Provided records:
----

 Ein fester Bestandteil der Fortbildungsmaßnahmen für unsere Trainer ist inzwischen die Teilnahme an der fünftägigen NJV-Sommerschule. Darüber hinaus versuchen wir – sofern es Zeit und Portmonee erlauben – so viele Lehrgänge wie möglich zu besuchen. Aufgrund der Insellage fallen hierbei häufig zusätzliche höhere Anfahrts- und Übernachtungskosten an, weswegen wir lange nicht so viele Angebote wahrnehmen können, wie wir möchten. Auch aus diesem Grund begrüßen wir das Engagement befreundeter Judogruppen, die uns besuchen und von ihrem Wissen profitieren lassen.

----

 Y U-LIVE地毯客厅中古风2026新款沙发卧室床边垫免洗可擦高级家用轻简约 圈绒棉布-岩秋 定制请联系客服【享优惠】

----

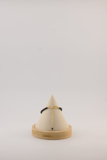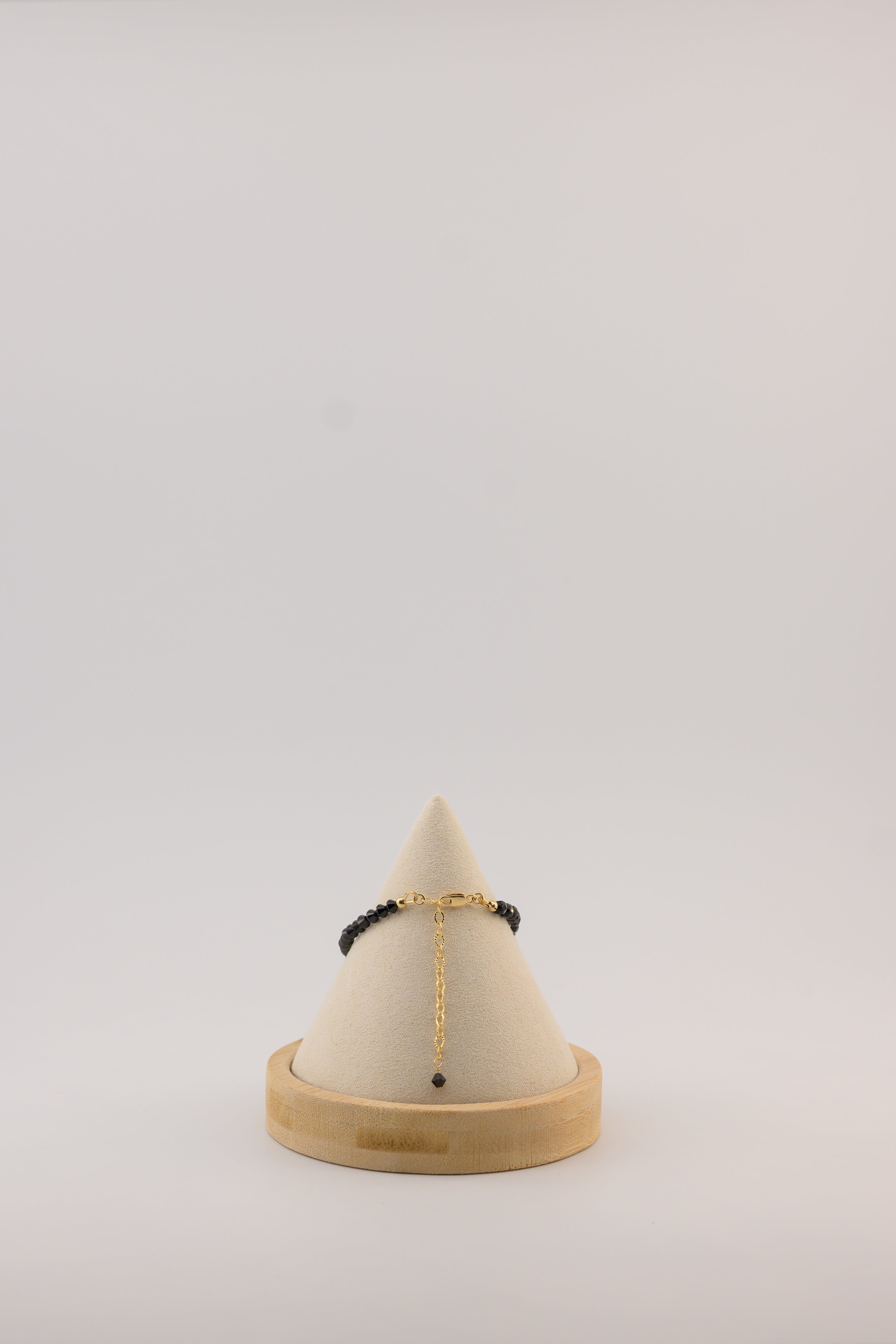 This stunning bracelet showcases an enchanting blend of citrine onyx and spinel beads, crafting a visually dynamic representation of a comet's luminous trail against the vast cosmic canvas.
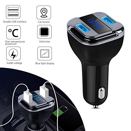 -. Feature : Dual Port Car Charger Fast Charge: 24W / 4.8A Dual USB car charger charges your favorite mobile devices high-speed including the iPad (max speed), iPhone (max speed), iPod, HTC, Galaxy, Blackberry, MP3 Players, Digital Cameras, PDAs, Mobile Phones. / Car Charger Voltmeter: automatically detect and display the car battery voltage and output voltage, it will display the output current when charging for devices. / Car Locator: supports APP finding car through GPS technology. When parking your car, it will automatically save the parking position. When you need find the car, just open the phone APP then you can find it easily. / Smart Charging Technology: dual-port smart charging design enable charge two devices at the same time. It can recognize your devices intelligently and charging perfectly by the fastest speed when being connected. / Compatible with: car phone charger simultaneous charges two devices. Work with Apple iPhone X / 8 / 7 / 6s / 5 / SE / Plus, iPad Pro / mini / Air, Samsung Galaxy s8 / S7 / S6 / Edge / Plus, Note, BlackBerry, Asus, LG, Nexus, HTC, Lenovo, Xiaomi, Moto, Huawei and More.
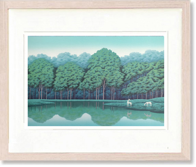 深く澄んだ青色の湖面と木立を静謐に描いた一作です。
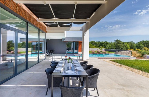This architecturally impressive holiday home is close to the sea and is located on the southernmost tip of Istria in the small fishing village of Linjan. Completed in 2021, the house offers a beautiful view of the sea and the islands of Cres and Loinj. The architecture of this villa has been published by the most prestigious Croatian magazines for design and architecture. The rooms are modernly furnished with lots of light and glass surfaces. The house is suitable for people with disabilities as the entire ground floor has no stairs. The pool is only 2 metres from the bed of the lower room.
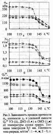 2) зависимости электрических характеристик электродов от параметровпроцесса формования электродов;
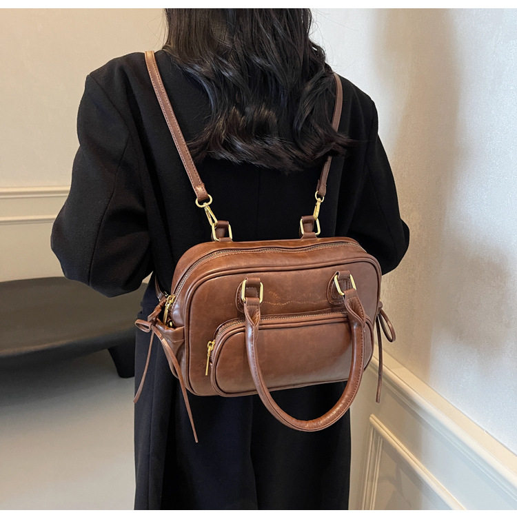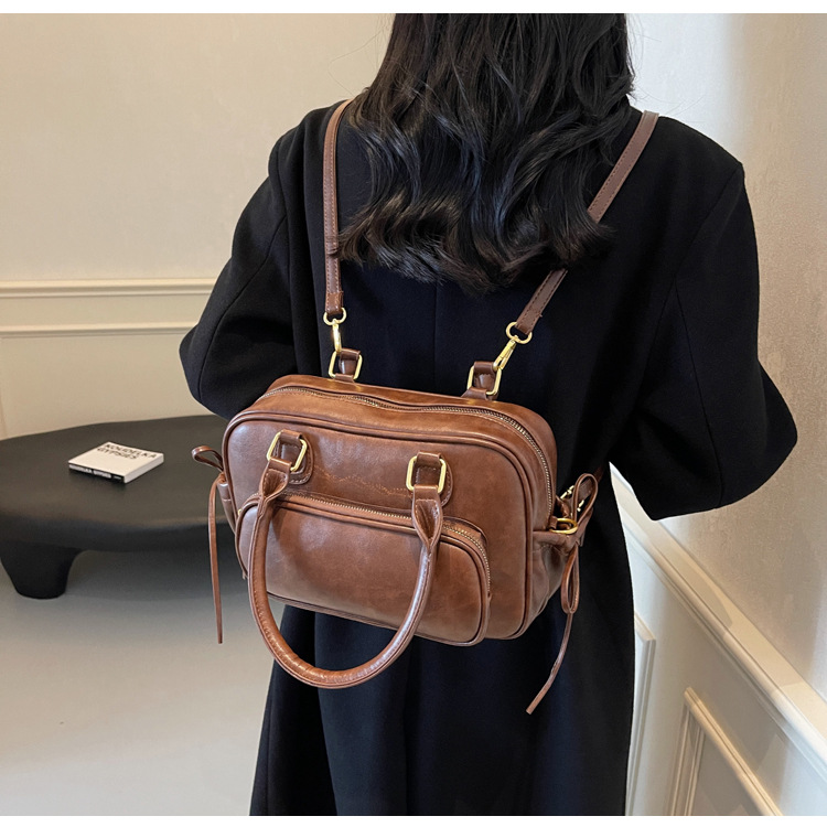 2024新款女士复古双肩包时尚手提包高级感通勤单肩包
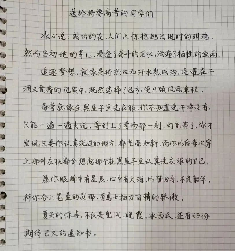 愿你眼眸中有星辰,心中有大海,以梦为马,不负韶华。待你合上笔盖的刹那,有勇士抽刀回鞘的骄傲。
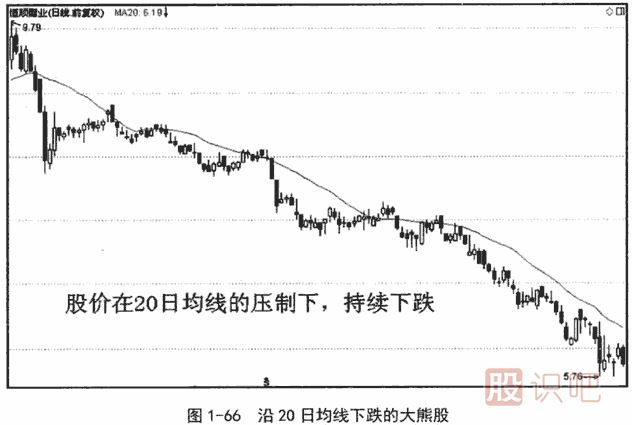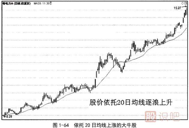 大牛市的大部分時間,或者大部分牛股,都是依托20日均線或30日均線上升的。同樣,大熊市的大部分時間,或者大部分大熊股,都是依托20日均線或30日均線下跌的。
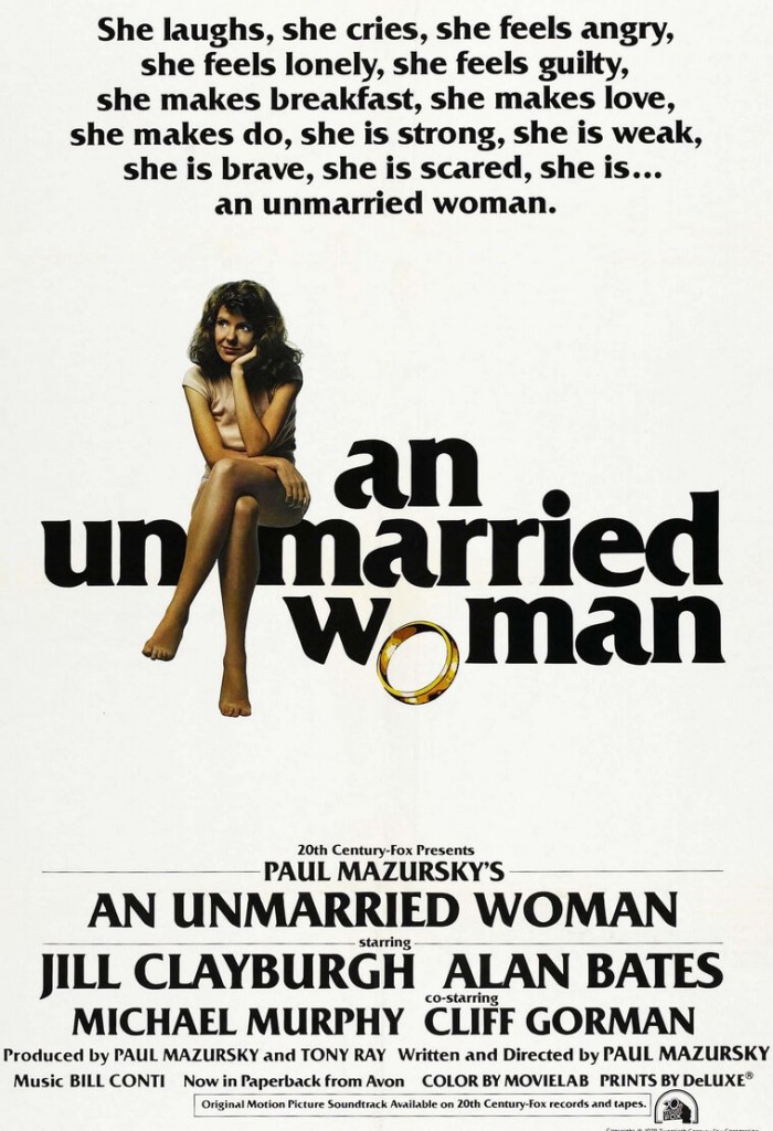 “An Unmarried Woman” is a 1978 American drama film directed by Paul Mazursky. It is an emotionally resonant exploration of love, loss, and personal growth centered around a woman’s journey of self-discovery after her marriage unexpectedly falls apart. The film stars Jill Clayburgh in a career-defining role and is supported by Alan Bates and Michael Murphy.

----

What the exercise asks:
Copy only what runs above from the line containing "2) зависимости электрических" through the line containing "大牛市的大部分時間,或者大部", exactly. Leave out the pictures.

Task output:
 2) зависимости электрических характеристик электродов от параметровпроцесса формования электродов;
 2024新款女士复古双肩包时尚手提包高级感通勤单肩包
 愿你眼眸中有星辰,心中有大海,以梦为马,不负韶华。待你合上笔盖的刹那,有勇士抽刀回鞘的骄傲。
 大牛市的大部分時間,或者大部分牛股,都是依托20日均線或30日均線上升的。同樣,大熊市的大部分時間,或者大部分大熊股,都是依托20日均線或30日均線下跌的。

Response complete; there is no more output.